Ибрагим продиктовал адрес. Александр Евгеньевич, хорошо знавший расположение улиц ставшего родным города, несколько просветлел лицом: имелось затаенное опасение, что экстренно обнаружившаяся «явка» Ибрагима будет располагаться у черта на куличках — где-нибудь в Южном Чертаново або в Северном Бутово, и окажется каким-нибудь гнусным вертепом, набитым венерическими малолетками и обкуренными казбеками (так Саша, слабо разбиравшийся в национальных особенностях кавказских народов, навеличивал всех подряд кавказцев, включая и соплеменников Ибрагима — ингушей. А хитромудрого Назаряна, между прочим, кавказца тоже, он к данной категории и не думал относить, потому как столичные армяне давненько перестали быть для всех явно выраженными носителями этноса и трансформировались в коренных москвичей). Против ожидания адрес оказался в районе Крымского Вала — двадцать минут езды от головного офиса «Иры», если по прямой и без автопроисшествий.

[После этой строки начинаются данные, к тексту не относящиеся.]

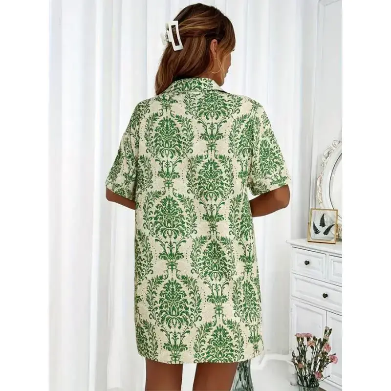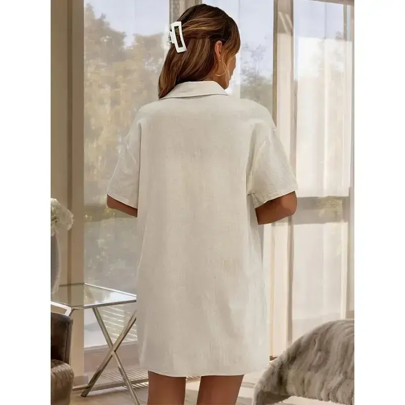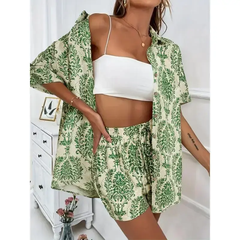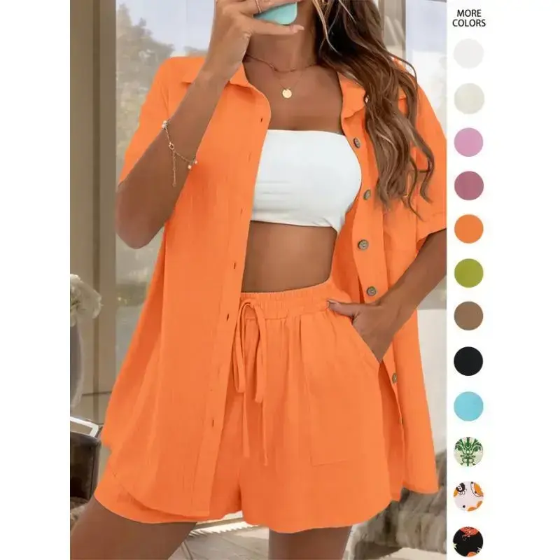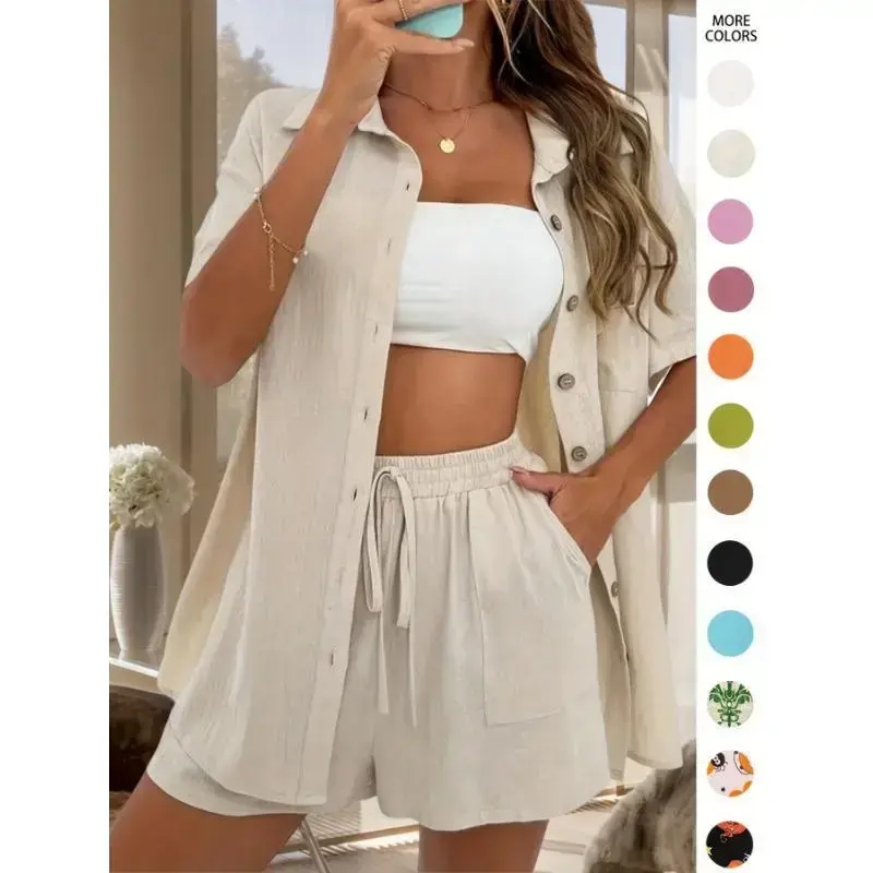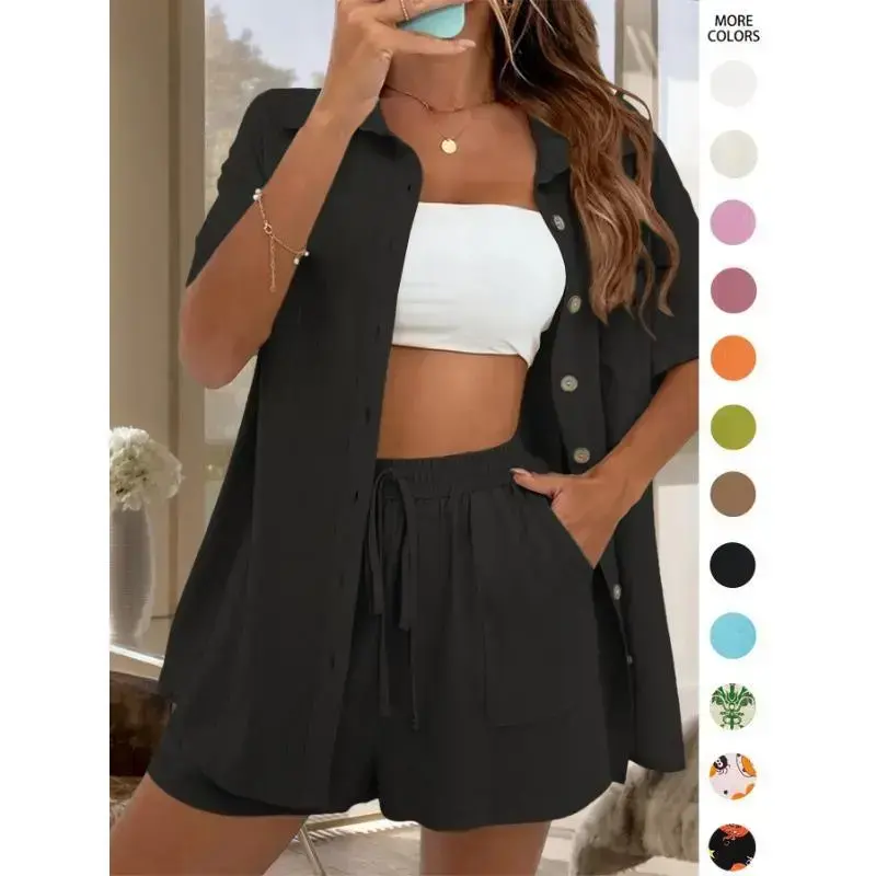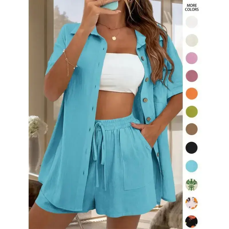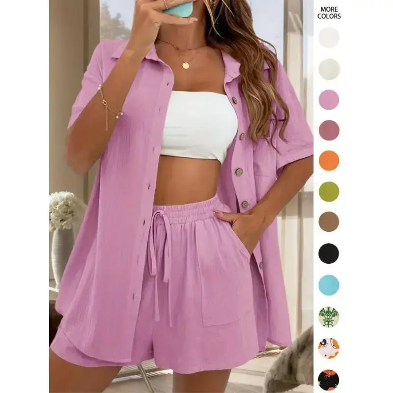 Vacation Style Solid Color Shorts Set with a Front-Button Short-Sleeve Shirt And Shorts, a Two-Piece Outfit for Women.
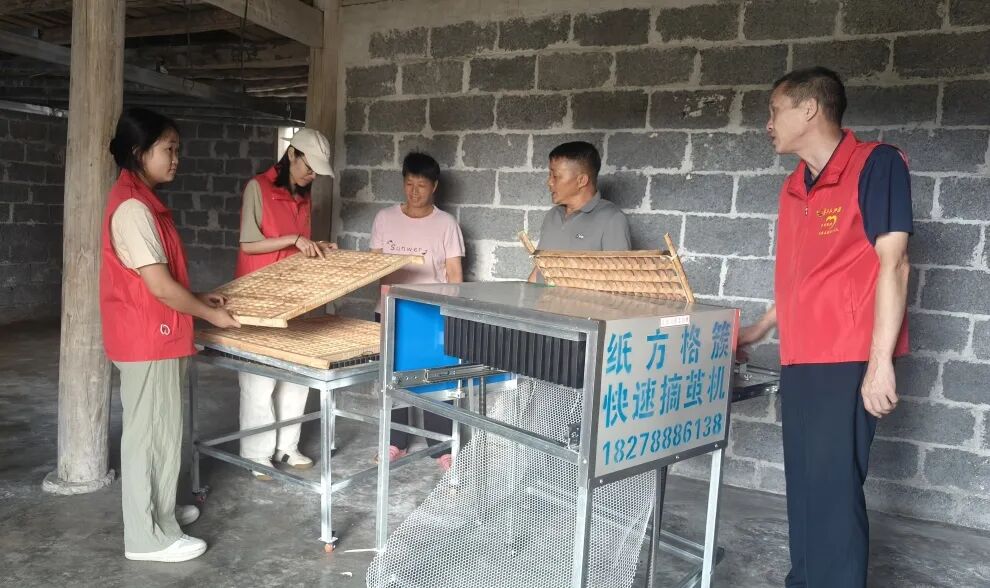 驻村工作队员到蚕农家指导高效率使用摘茧机
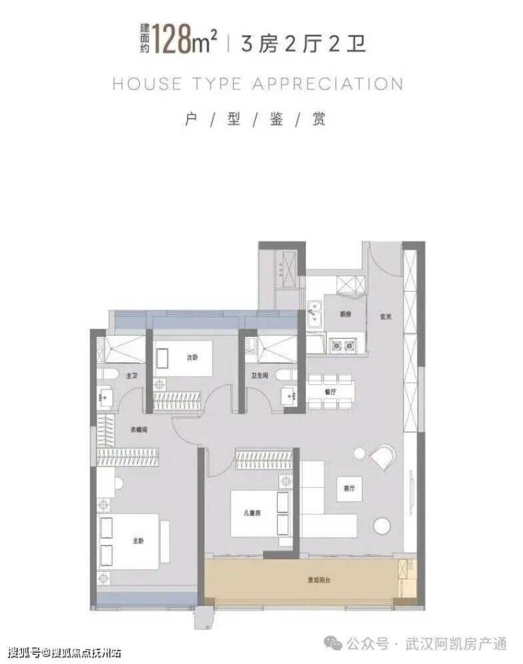 建面约128㎡户型(三房两厅两卫)

— Ну и что у нас там? — все так же ворчливо поинтересовался Александр Евгеньевич, не торопясь выпускать вроде бы проштрафившегося заместителя из виноватого состояния. — Коммуналка с чугунной ванной и одним толчком на восемь семей?

— Зачем обижаешь, дорогой! — аж взвизгнул Ибрагим, от возмущения путаясь в родах и числах:

— Хороший квартира, нормальный, приличный — три комната, бабка один, обстановка туда-сюда, все есть!

— А что за квартира? — несколько сбавил тон президент: услуги, между прочим, ненормативного характера, сугубо личные и экстренные к тому же — не стоит так нагнетать обстановку из-за собственной безалаберности. — Соседи, обстановка… как там? Что за бабка?

— Все нормально, все хорошо, — поспешил заверить Ибрагим. — Все прилично. Кухня, ванная, спальня — все в твоем распоряжении. В большой комнате музыкальный центр, всякие диски. Видяшник тоже есть — всякие кассеты есть. Я позвоню. Придешь, скажешь — от Ибрагима, бабка к себе в комнату спрячется — гуляй как хочешь. Она за это деньги получает. Только машину во двор загони, не бросай снаружи. Там арка есть — въезд во двор. Снаружи пацаны могут зеркало открутить или «дворники» — есть там такое. Которые во дворе машины есть, те не трогают, типа своя территория. А так — все прилично…

— Ну и славно, — отмяк сердцем Александр Евгеньевич. — Во двор так во двор. Молодец, Иба, выручил. Бывай, не кашляй…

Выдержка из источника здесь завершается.